India's Gandhi predicts bigger election win than 2009

Mr Rahul Gandhi (right, with his sister Priyanka Gandhi Vadra in this file picture from 2012) on Sunday, March 16, 2014, forecast a bigger win for India's ruling Congress party in next month's elections than it secured last time, rejecting comme
Mr Rahul Gandhi (right, with his sister Priyanka Gandhi Vadra in this file picture from 2012) on Sunday, March 16, 2014, forecast a bigger win for India's ruling Congress party in next month's elections than it secured last time, rejecting comments by senior party members that they face an uphill battle. -- PHOTO: AFP

NEW DELHI (AFP) - Mr Rahul Gandhi on Sunday forecast a bigger win for India's ruling Congress party in next month's elections than it secured last time, rejecting comments by senior party members that they face an uphill battle.

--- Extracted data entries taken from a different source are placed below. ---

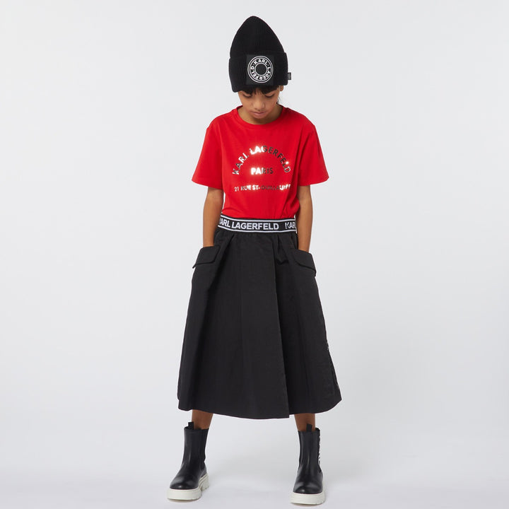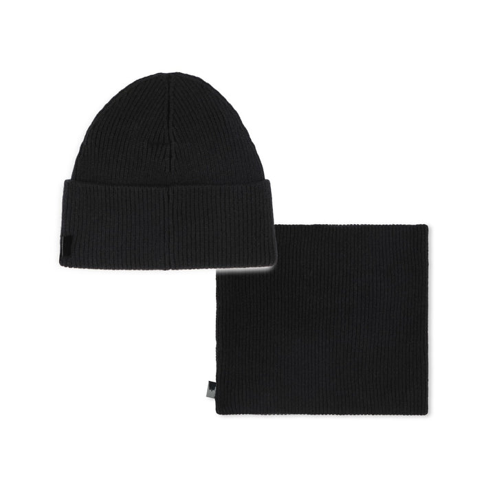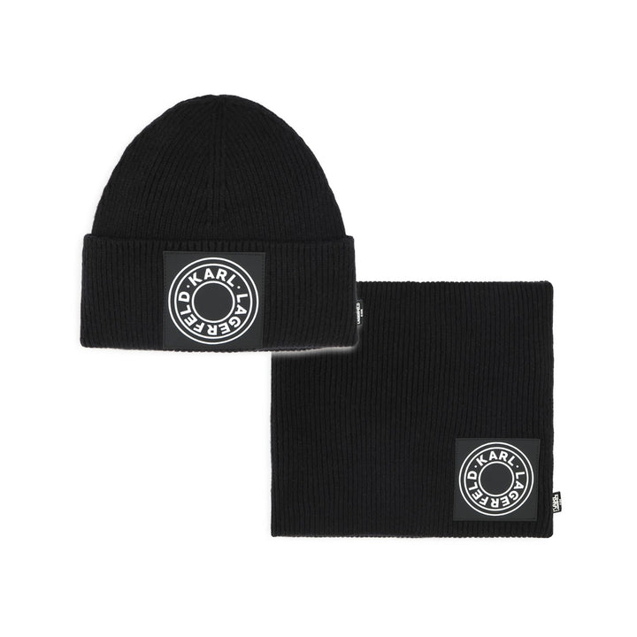 A black, Mini-me logo-inspired hat and snood set for boys and girls from KARL LAGERFELD KIDS. In a monochromatic style, the coordinating pieces are made in a chunky ribbed knit with a white circular logo embossed patch for a statement look. The stylish beanie hat has a wide turn-up brim and the snood is made in a double layer for extra warmth.
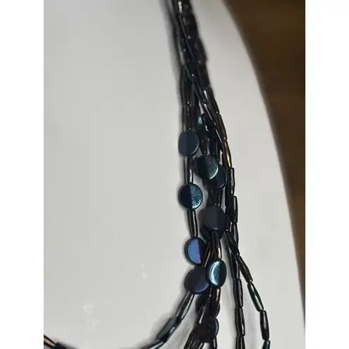 Elegant multi-strand necklace featuring black and bronze beads. Designed with an adjustable clasp fo... Show more
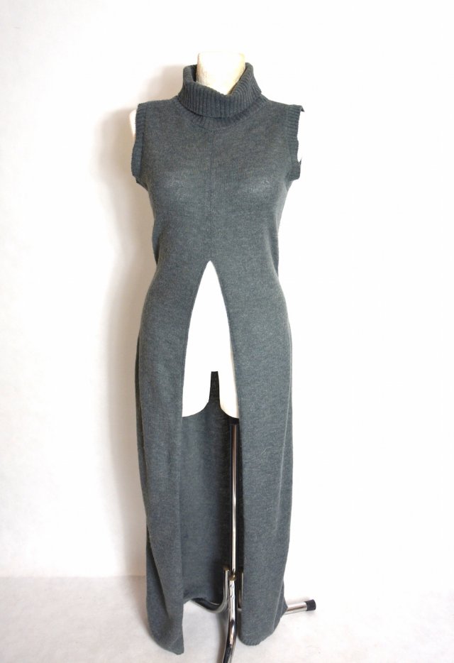 Unikatowa długa szara sukienka z golfem z długim rozcięciem z przodu (od pasa ), wykonana ze sweterkowej bardzo przyjemnej dzianiny.
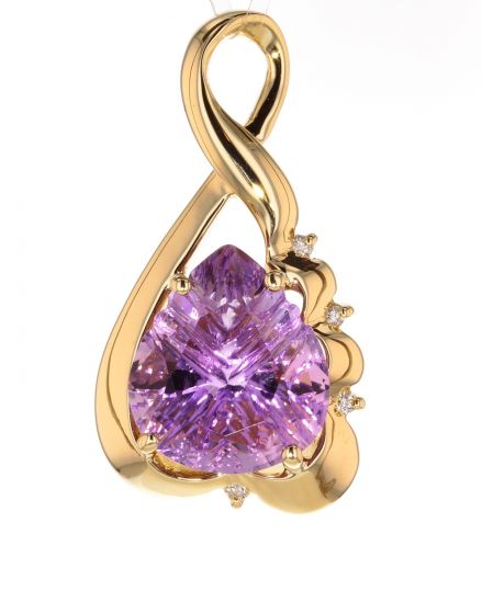 14k Yellow Gold Fancy Cut Pear Shape Amethyst & Diamond Pendant
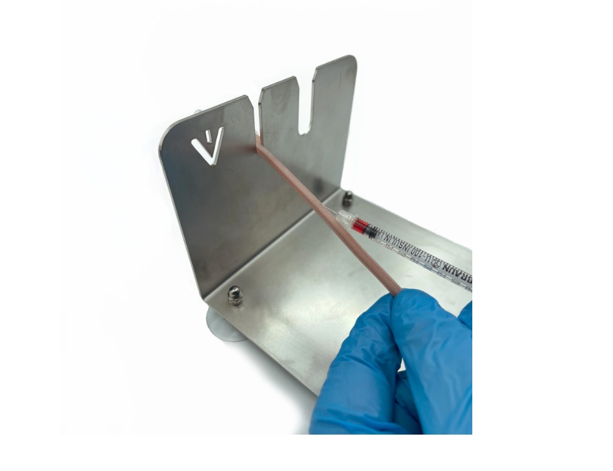Samostatný robustní držák z nerezové oceli umožňuje bezpečné uchycení našeho modelu (ocas myši) a zajišťuje praktickou a stabilní fixaci během nácviku intravenózních injekcí a odběrů krve.
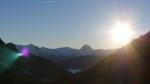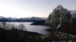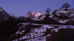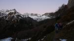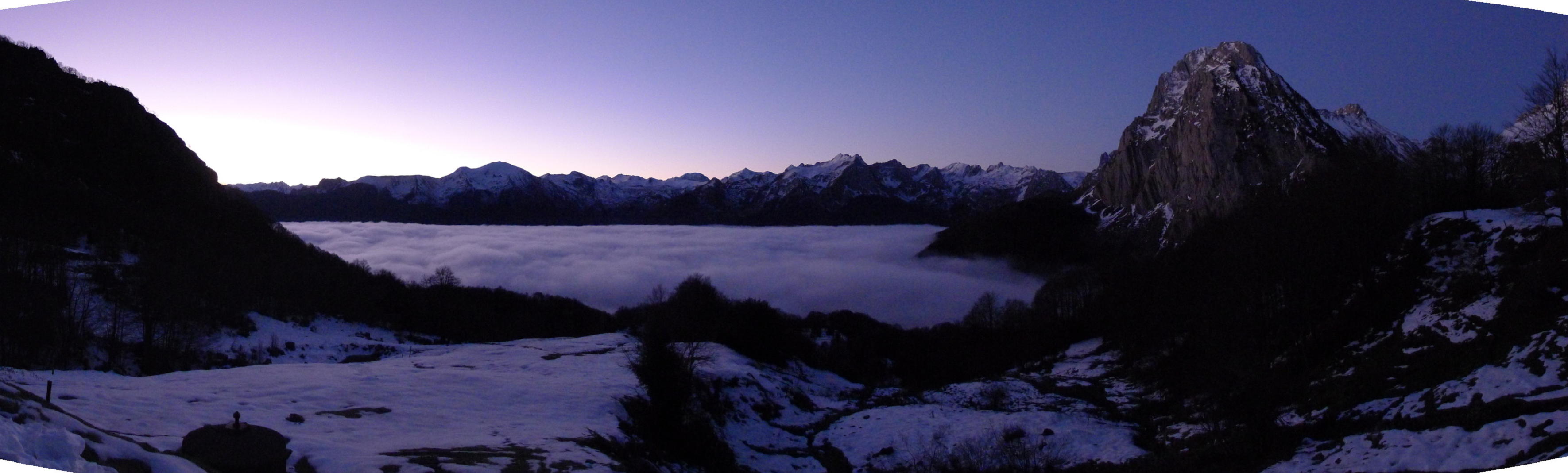 Con Ricardo Agustín Arnáiz, José Murciano, Marcos y Javier Galindo, salimos del refugio de Laberouat, al que se accede por una de las estrechas carreteritas que recorren el circo de Lescun, bien señalizadas desde el pueblo de Lescun y, por lo visto, mantenidas, porque la nieve está apilada a la orilla de la carretera. Dejamos las raquetas en el coche, porque hasta la nieve queda mucho trozo y parece que estará muy dura, y disfrutamos de una vista bellísima con los primeros resplandores del amanecer sobre un mar de nubes que cubre el valle.
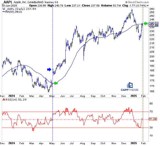 AAPL was reeling for a longer amount of time back then, but it had just rallied 7% off its low, which brought the RSI back to the mid-point right before it reported earnings. The extremely strong reaction then shot the stock above its 50-DMA the following morning – like now. From the open price that day to its trading peak in July, AAPL gained 27%.
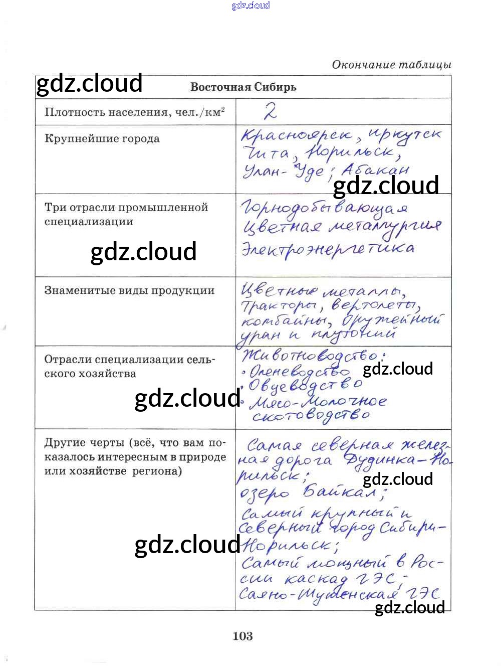 Ответ на задание 103 Рабочая тетрадь География за 9 (девятый) класс Домогацких Инновационная школа 2018 ФГОС онлайн и без номера телефона.
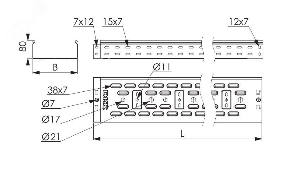 Лоток перфорированный 80х400х4000, 2,0 мм, цинк-ламельный
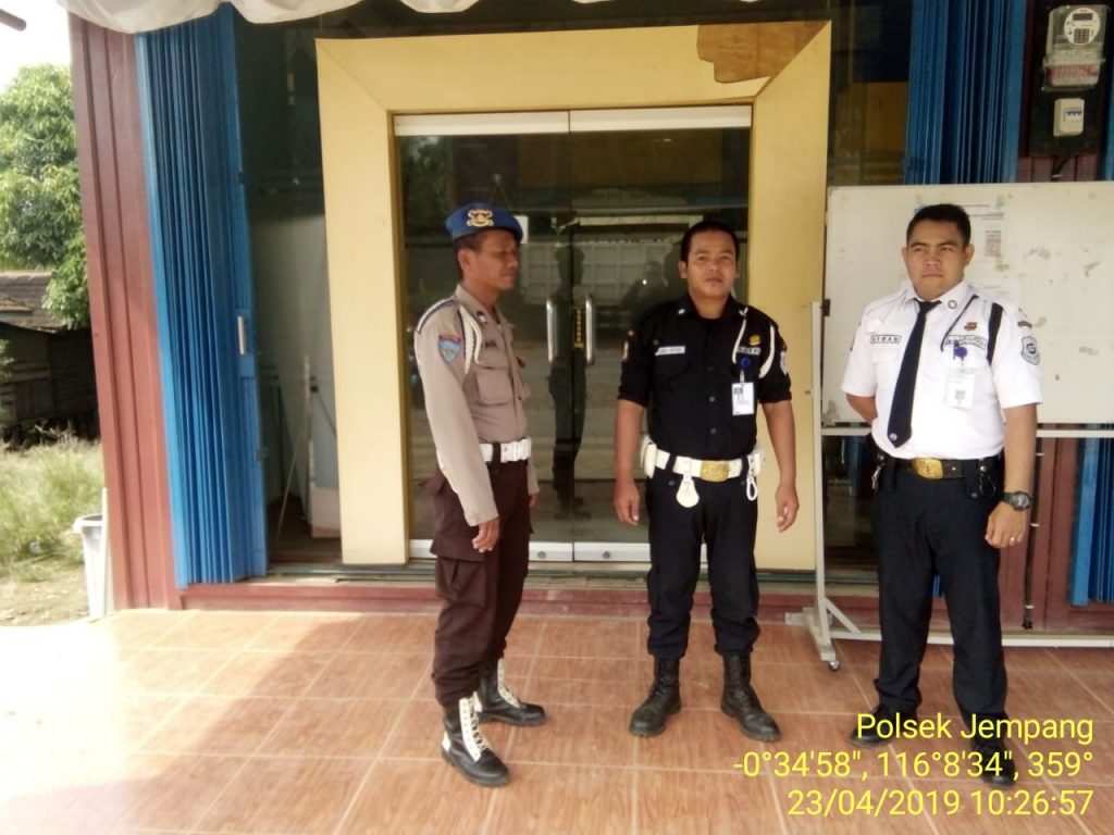 Dalam Patroli hari ini Selasa tanggal 23 April 2019, anggota Patroli Polsek Jempang berpatroli diobvit Bank BPD KCP Muara Tae Kamp. Muara Tae Kec. Jempang dimana di Bank BRI terdapat mesin ATM tempat bertransaksi uang oleh karena itu anggota Polsek kontrol/cek dijam-jam rawan serta menemui Satpam Bank untuk selalu waspada dan melakukan pengecekan disekitar area Bank BRI apabila menemukan hal-hal yang mencurigakan segera hubungi kantor Polsek Jempang.

Mr Gandhi, frontrunner to be prime minister should Congress win, predicted the party would surpass its tally of seats secured at the 2009 national elections, rejecting opinion polls showing it headed for a humiliating loss.

Acknowledging that after a decade in power, "there is a certain amount of anti-incumbency against us", Mr Gandhi disagreed with Finance Minister P Chidambaram that Congress was the "underdog".

"Congress is fighting a challenging election and we will win the election," Mr Gandhi told the Press Trust of India in an interview. "I am not a soothsayer but we will do well," he told PTI.

Although he declined to predict the number of seats, Mr Gandhi said the figure would be higher than the 206 Congress won in the 543-seat national parliament in 2009, when it formed a coalition government.

Mr Gandhi also hit out at arch rival Narendra Modi, widely tipped to win the elections, claiming he still has many questions to answer about his links to deadly riots in the western state of Gujarat where he is chief minister.

Mr Gandhi said there was a "clear and inexcusable failure" of governance in Gujarat where more than 1,000 people, mainly Muslims, were killed in riots in 2002 after Mr Modi took office in 2001.

"The specific allegation and evidence pointing to Mr Modi's responsibility in the 2002 riots are yet to be adequately probed. Any talk of his having been given a clean chit (slate) may be politically expedient, but is far too premature," he said.

"There are many unanswered questions. There is a lot more the country needs to know."

Mr Modi has denied wrongdoing and has been cleared by legal inquiries, but allegations that he failed to stop the riots continue to dog the prime ministerial candidate.

Hindu nationalist Modi and his opposition Bharatiya Janata Party are expected to come to power on a platform of economic revival following the world's biggest elections starting on April 7.

The elections have pitted Mr Gandhi, vice president of Congress and scion of India's political dynasty, against Mr Modi, the son of a tea-stall owner.

Voting will take place in nine phases until May 12 with counting and results expected four days later on May 16.